DATA PROVIDED:
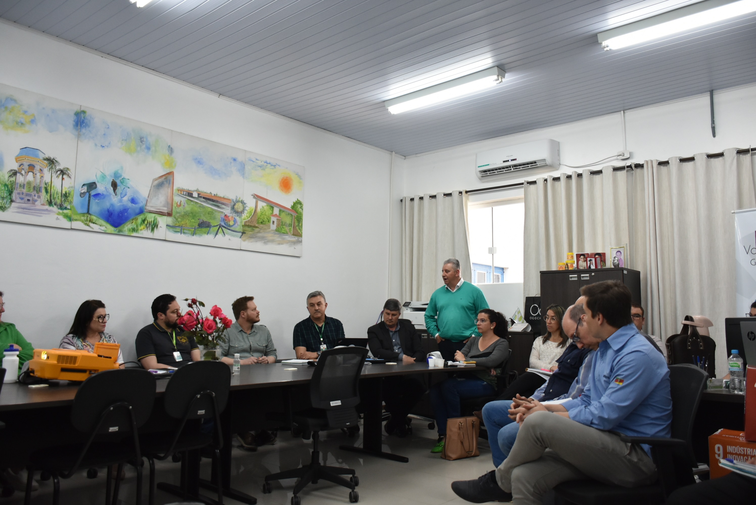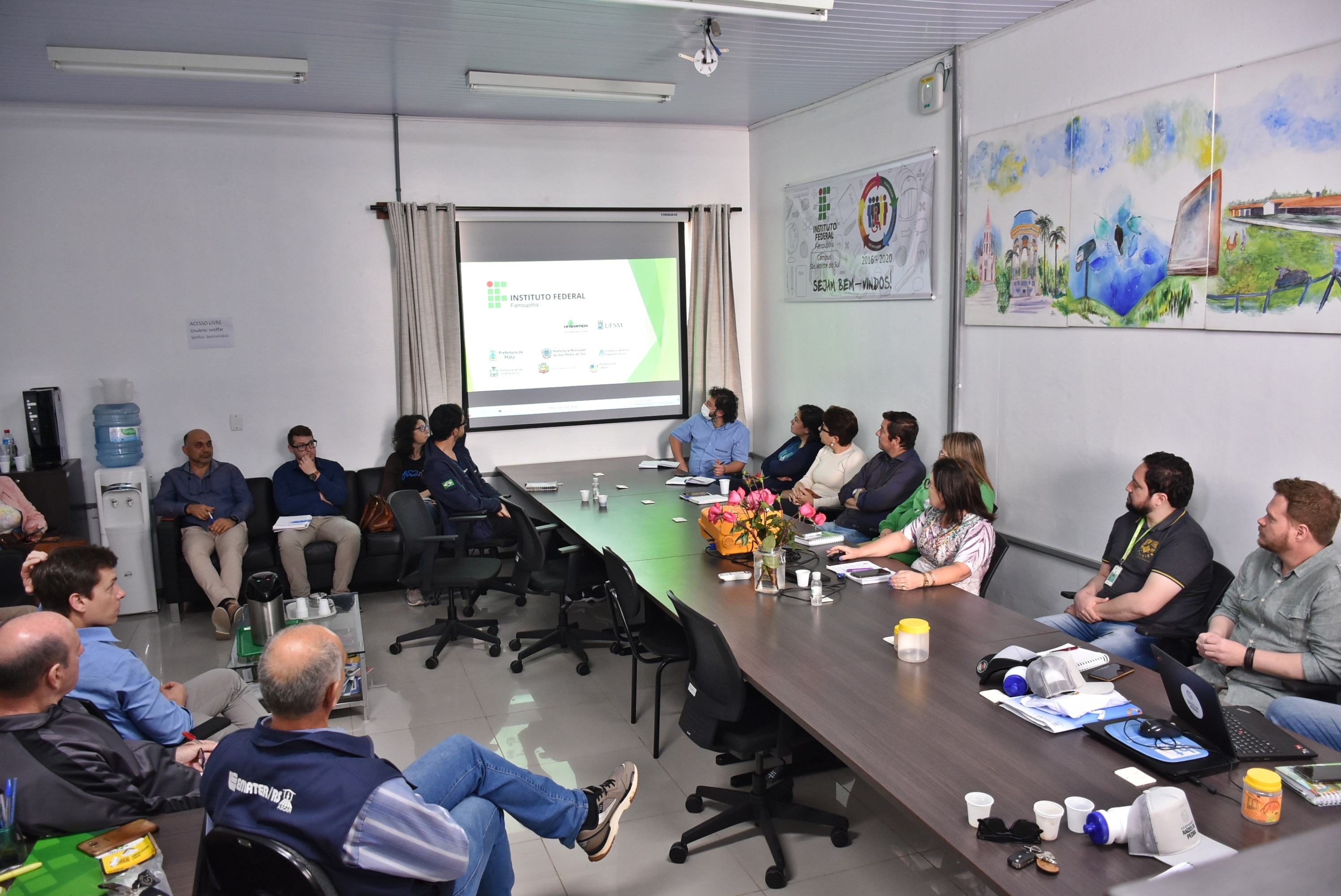 Além da prof.ª Ângela Marinho, pró-reitora de Extensão, e Diogo Maus, da Coordenação de Programas Sociais, estiveram reunidos na oportunidade, os secretários e secretárias e Agricultura, Pecuária e Meio Ambiente dos 6 municípios que compõe o Geoparque Raízes de Pedra; representantes das Diretorias de Pesquisa, Extensão e Produção dos campi de Júlio de Castilhos e SVS; membros do Grupo Dinamizador, composto pelas secretárias municipais de Turismo. Também estiveram presentes o prefeito de Jaguari, Roberto Turchiello; o vice-prefeito de Mata, Maurício Taschetto, e o vice prefeito de SVS, Luis Antonio Ferreira dos Santos.
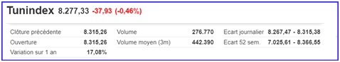 Après la baisse de 0.42% en clôture hier, le TUNINDEX affiche de nouvelles pertes ce mardi, avant des rendez-vous clés au cours des prochaines jours. L’indice TUNINDEX qui avait ouvert la séance dans le rouge, a clôturé les négociations en dents de scie, et en territoire négatif.
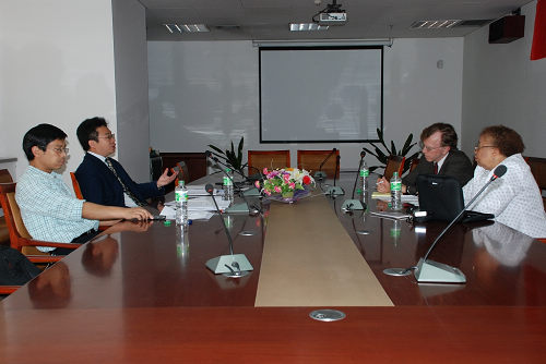 6月3日上午,双方学院领导林肯时博手机平台_时博(中国)院长Steven Lester Willborn教授、副院长Anna Williams Shavers教授与我校时博手机平台_时博(中国)院长单文华教授、副院长副书记王保民副教授,在主楼601会议室,就两院间在师生互访、学术交流和联合办学等方面,展开商谈,并就学生互访、教师互访、科研合作等合作事宜达成初步共识。
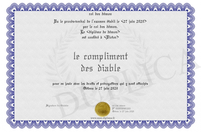 Envoyez par email votre le compliment des diable personalisé
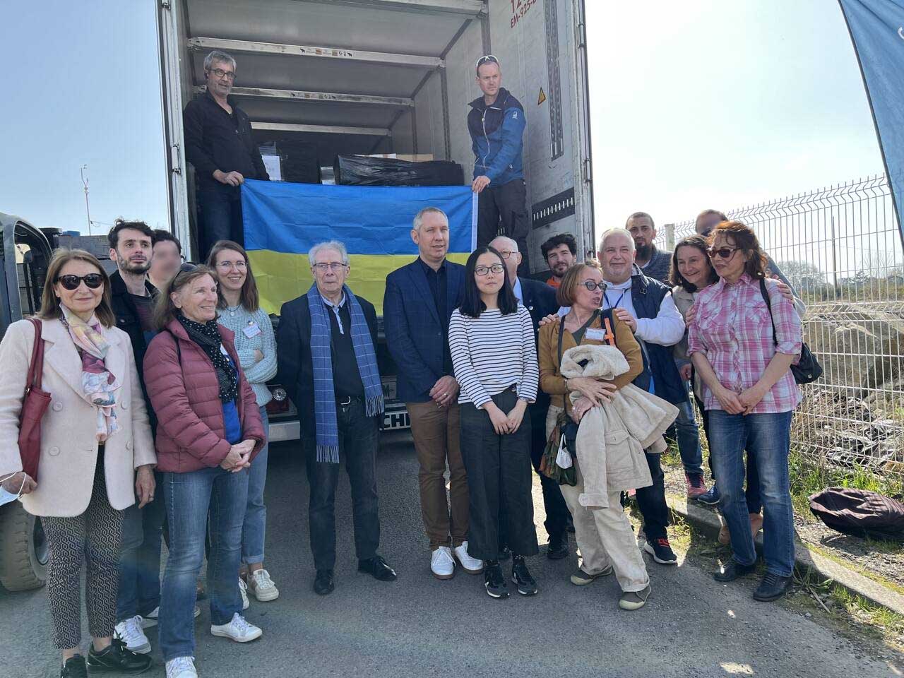 Bénévoles de l’association franco-ukrainienne Tryzub, membres de la Maisonde l’Europe, représentants de Nantes métropole, chauffeur et organisateurs du convoi, à quelques minutes du départ.

WHAT THE TASK REQUIRES: From the line with "Envoyez par email" down to the final line of the entries above, repeat each line exactly; omit the pictures.

ANSWER FOR THIS EXERCISE:
 Envoyez par email votre le compliment des diable personalisé
 Bénévoles de l’association franco-ukrainienne Tryzub, membres de la Maisonde l’Europe, représentants de Nantes métropole, chauffeur et organisateurs du convoi, à quelques minutes du départ.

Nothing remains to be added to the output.